I think your understanding of the University of Michigan’s finances is flawed. Michigan has the 9th largest endowment of any school, public or private, at just over $10 billion. It was weaned away from substantial legislative appropriations a generation or more ago, beginning in the 1970s when the U.S. auto industry was in a deep crisis, leaving a huge adverse impact on the State of Michigan’s tax revenues. State appropriations to the university never really recovered–they now stand at less than 5% of the university’s total operating budget-- so the university had to find other ways to fund itself. Together with the University of Virginia, Michigan has over the last 30-40 years pioneered a public/private hybrid model, building up a huge endowment, building its research capacity to the point that it now has total research expenditures of $1.3 billion annually, most of it externally funded (second only to Johns Hopkins, a special case because JHU gets to count the Applied Physics Laboratory, a very large research lab generously funded by DOD and NASA but administered by JHU), and increasing the percentage of OOS and international students in its student body, most of them full-pays at tuition rates similar to those charged by elite private colleges and universities. Recent entering classes at Michigan have been a shade over 40% OOS and international. As a consequence, notwithstanding relatively paltry contributions from the state, the University of Michigan’s finances have never been in better shape. It is one of a handful of public universities that meets 100% of need for 100% of state residents with demonstrated need, and it is now committed to a goal of meeting 100% of need for OOS students as well, something it will be able to accomplish once it completes its current $4 billion capital campaign—the largest in the history of public higher education—which will further swell the size of its endowment. As of November, 2014, one year into the capital campaign, the university had raised $2.5 billion in new gifts and pledges, well on its way to meeting or exceeding its ambitious goal.
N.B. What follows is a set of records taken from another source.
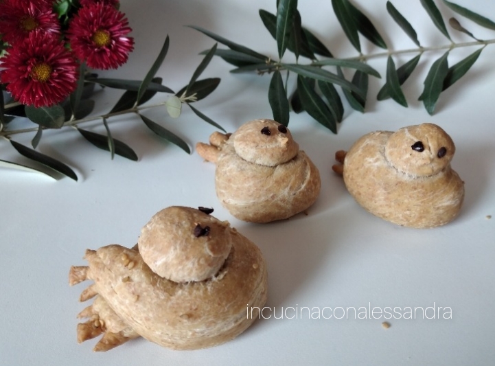 Uma vez que a massa está pronta e levedada, corte um pedaço de massa e faça um rolinho redondo, corte pequenos pedaços e forme bolinhas que formarão a cabeça, naturalmente o tamanho você decide de acordo com o que mais gostar, eu fiz do tamanho de um pãozinho normal. Faça outro rolinho redondo, corte um pedaço de cerca de 10/12 centímetros, coloque sobre o papel manteiga, pegue as duas extremidades e cruze-as deixando-as para fora, com uma faca faça 2 cortes em cada extremidade, formaremos a cauda, pegue as bolinhas preparadas e coloque sobre o buraco que se forma ao cruzar a massa, com os dedos tente formar um pequeno bico, pegue as azeitonas e corte em pedacinhos pequenos, pincele com um pouco de leite ou óleo a superfície das pombinhas, cubra com sementes de gergelim, pegue 2 pedacinhos de azeitona e faça os olhos pressionando um pouco para não cair. Deixe levedar por meia hora e asse no forno quente a 180° e cozinhe por 10/15 minutos. Sirva as pombinhas em um prato para cada convidado.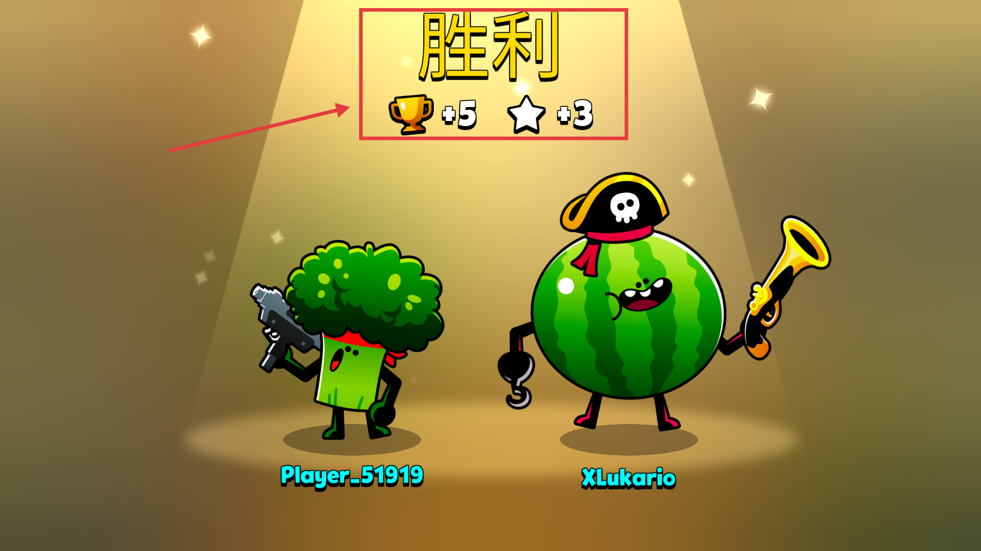 3、戰斗勝利后可獲得【獎杯+5】與【星星+3】的獎勵,這些獎勵能用于后續角色升級或解鎖新游戲內容。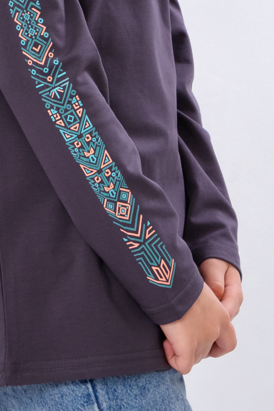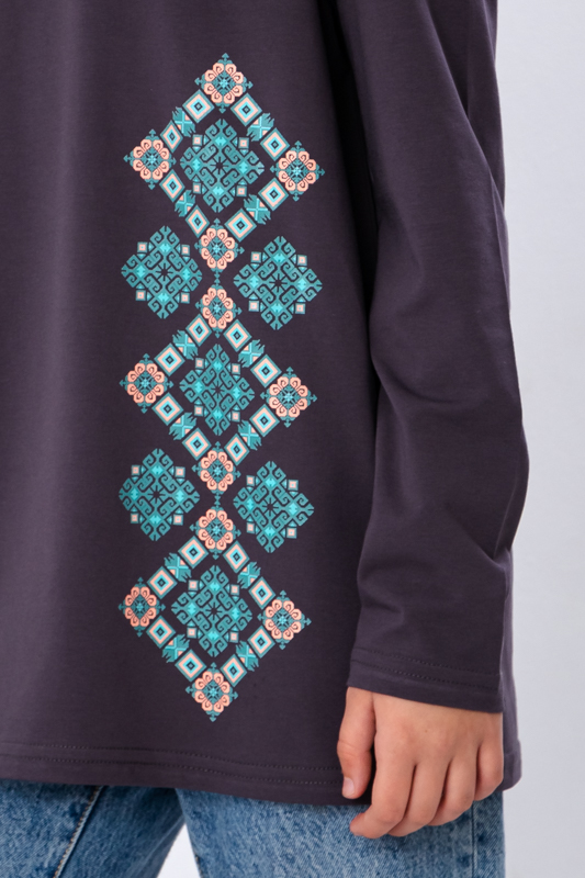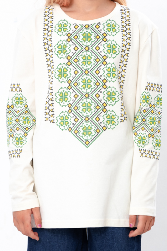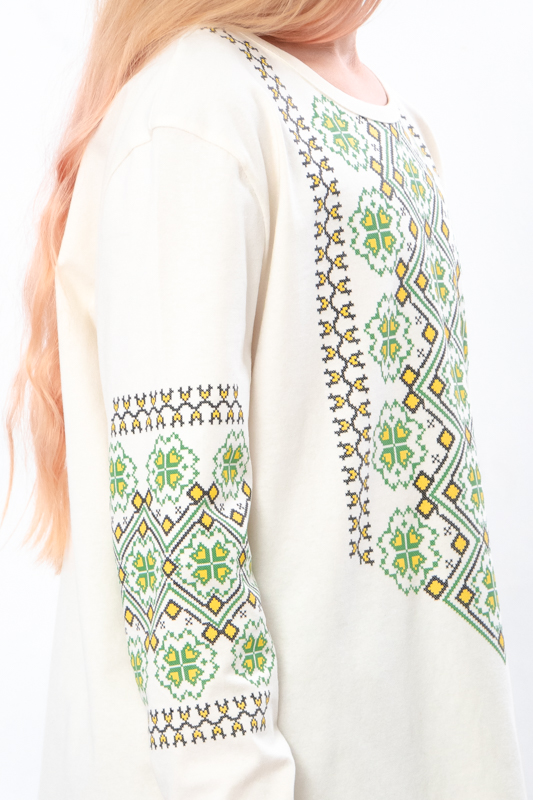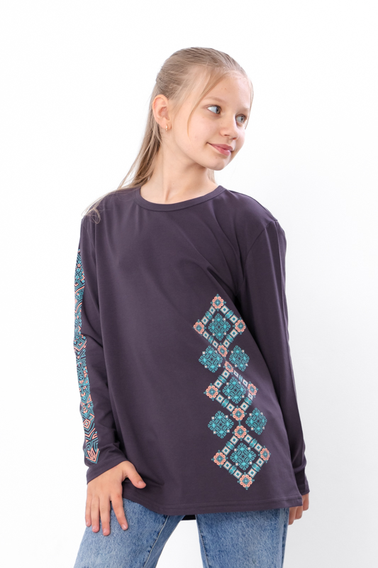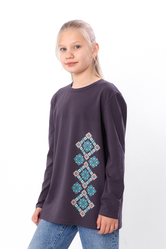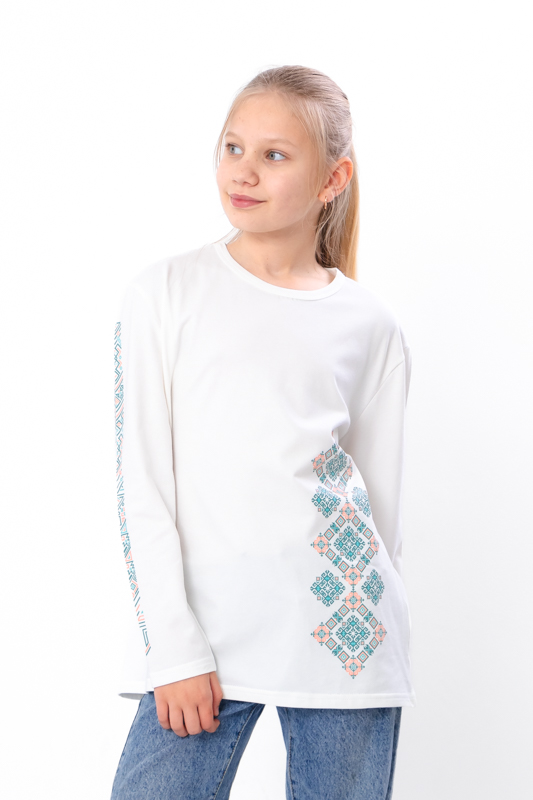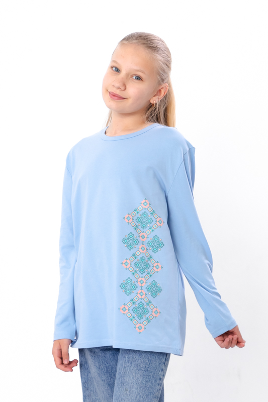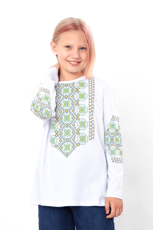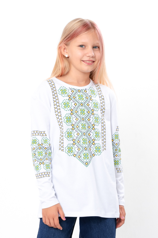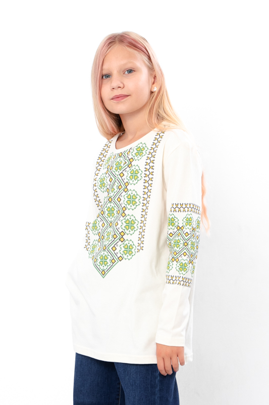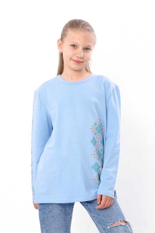 Джемпер для дівчинки пошитий з еластичного трикотажного полотна - фулікра. Полотно гарної якості, при правильному догляді не дає усадку, не линяє та не скочується . Джемпер має округлу горловину. Рукава та перед прикрашені гарним патріотичним принтом у вигляді вишивки. Джемпер чудово підійде для святкових заходів або для повсякденного носіння, можна поєднувати з джинсами або брюками.

Not to pick on Illinois, but the contrast is striking. At $2.3 billion, the University of Illinois’ system-wide endowment is less than 1/4 the size of Michigan’s, for a 3-campus system with 60% more students than the University of Michigan. UIUC meets full need for only 10.8% of its students with demonstrated need, according to its latest Common Data Set. and on average only 64% of need is met. These are markers of a much more resource-constrained environment.
There are many reasons public universities don’t do as well as privates in the US News rankings, not least because those rankings reward a high cost-per-student educational model which punishes publics for the economies of scale they can achieve. Note also that the metrics US News uses have been revised repeatedly since the 1980s. But the suggestion that the University of Michigan has fallen in the US News rankings because of state budget cuts and faltering finances is just wildly off-base; nothing could be further from the truth.